Scott Gerenser is a senior software engineer at Wheatstone Corp. and Andy Calvanese is vice president of technology.
One term popping up more and more in the cloud space is “containerization.” If you’re-paying attention to the trends in cloud computing, you’ve probably heard about it, or at least about the most popular container platform, Docker.
Containerization is becoming a popular alternative to virtualization for running many different applications on a single machine or cloud instance. It has many of the benefits of virtualization but without some of the downsides, which makes it useful for transitioning from a fixed-location studio to a virtual operation.
Whereas virtualization involves emulating an entire machine, including the hardware and operating system, containerization involves encapsulating one or more applications and supporting files (so called “userspace” in Linux lingo) into containers that can then run on top of a single common operating system (usually Linux).
For example, in a virtualization scenario, you might have a server running VMWare ESXi hypervisor software, upon which are four Ubuntu Linux virtual machines for Service X, two Red Hat Linux VMs for Service Y, and a couple of Windows 10 Server VMs to handle any Windows applications you have.
Using virtualization this way still provides big benefits over maintaining multiple physical machines. Administration is easier. Spinning up a new server or changing configurations of the individual VMs is much easier than tinkering with hardware. Communication between the VMs is very fast and efficient.
The downside, as compared to containerization, is the relatively large overhead associated with virtualization. This is because each VM is running a complete OS kernel, each with their own dedicated memory and each using up a percentage of your CPU to mostly do a lot of the same things.
Containerization, by comparison, also allows the running of a number of different isolated services on one machine, but within containers rather than full virtual machines.
Conceptually, a container can be thought of as a very lightweight, resource efficient VM. One container could host WheatNet-IP audio drivers and audio playback software, while another could host the station automation system, each totally isolated yet run off the same OS kernel.
Because each container operates independently of the others, you can avoid unintended interactions between software components and eliminate a single point of failure. Each application or container communicates with the others only through their defined APIs.
The container virtualization layer is extremely flexible and can scale up to meet rising demand for any of the services.
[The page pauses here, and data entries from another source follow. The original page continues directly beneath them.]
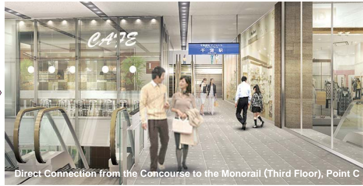
Direct Connection from the Concourse to the Monorail (Third Floor), Point C

Planned Direct Connection to the Monorail from the Third Floor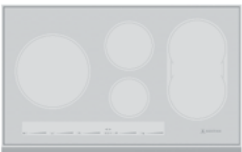
30" and 36" Smart Induction Cooktops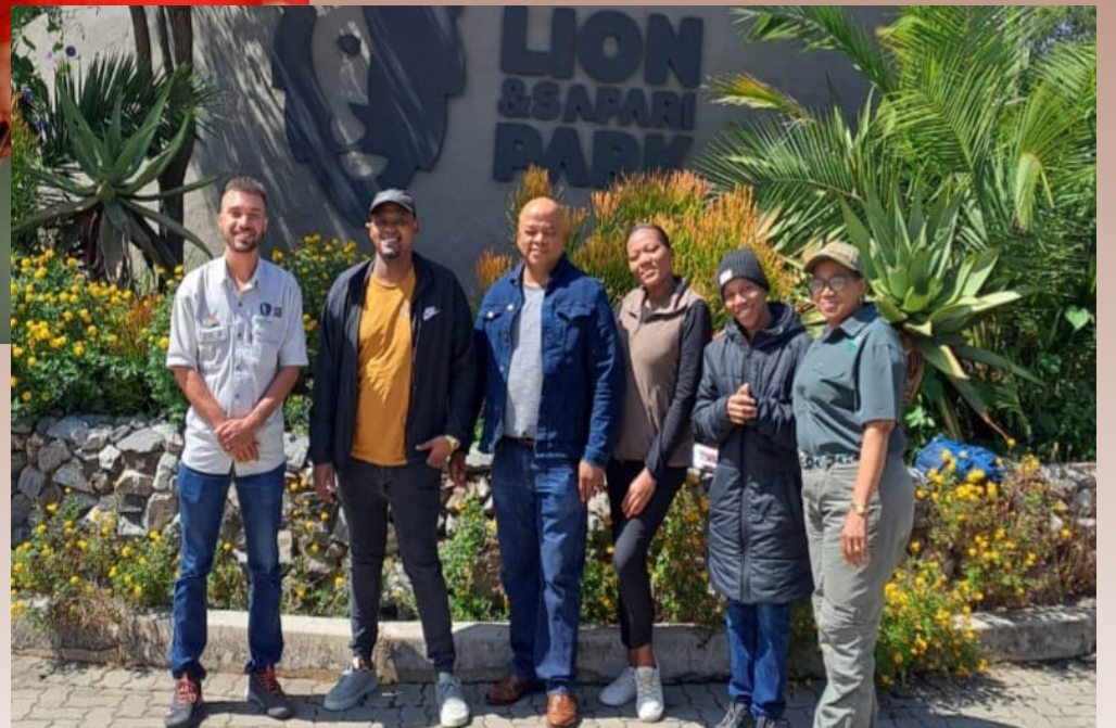
Some of the youth who have been placed by the department at various hospitality establishments

The North West Department of Economic Development, Environment, Conservation and Tourism has created an opportunity for eligible unemployed youth graduates to be part of the North West Tourism and Hospitality Placement Programme for 2022/23. Through this programme, 91 unemployed youth were allocated work opportunities and placement at tourism establishments across all districts of the province.

Once you define what services are running in one or more containers, it’s possible to move those containerized services between on-premise machines and the public cloud. This allows you to more easily scale services locally at your regional studio or in a cloud provider such as AWS or Azure.
And unlike with virtualization, there is no extra supervisory overhead to contend for resources, and containerization platforms are even able to run on top of virtualization platforms.
This last point is critical for long-term planning, since Amazon, Microsoft and other public cloud providers are already running hypervisor software on their cloud instances. Attempting to add your own VM hypervisor on top of a cloud provider’s machine instance may work poorly, or not at all. Containers, by contrast, work well on just about all the cloud providers and instance types. Most providers even offer tools to make it easy to manage and coordinate your containers running in their cloud.
Fundamentally, containerization and virtualization are two different ways of doing the same thing. Having several containers running separate services pushed up to a cloud won’t solve issues such as communication latency over the internet, but it will offer some added security protection and flexibility, and let you allocate resources more efficiently, which is the point of the cloud, after all.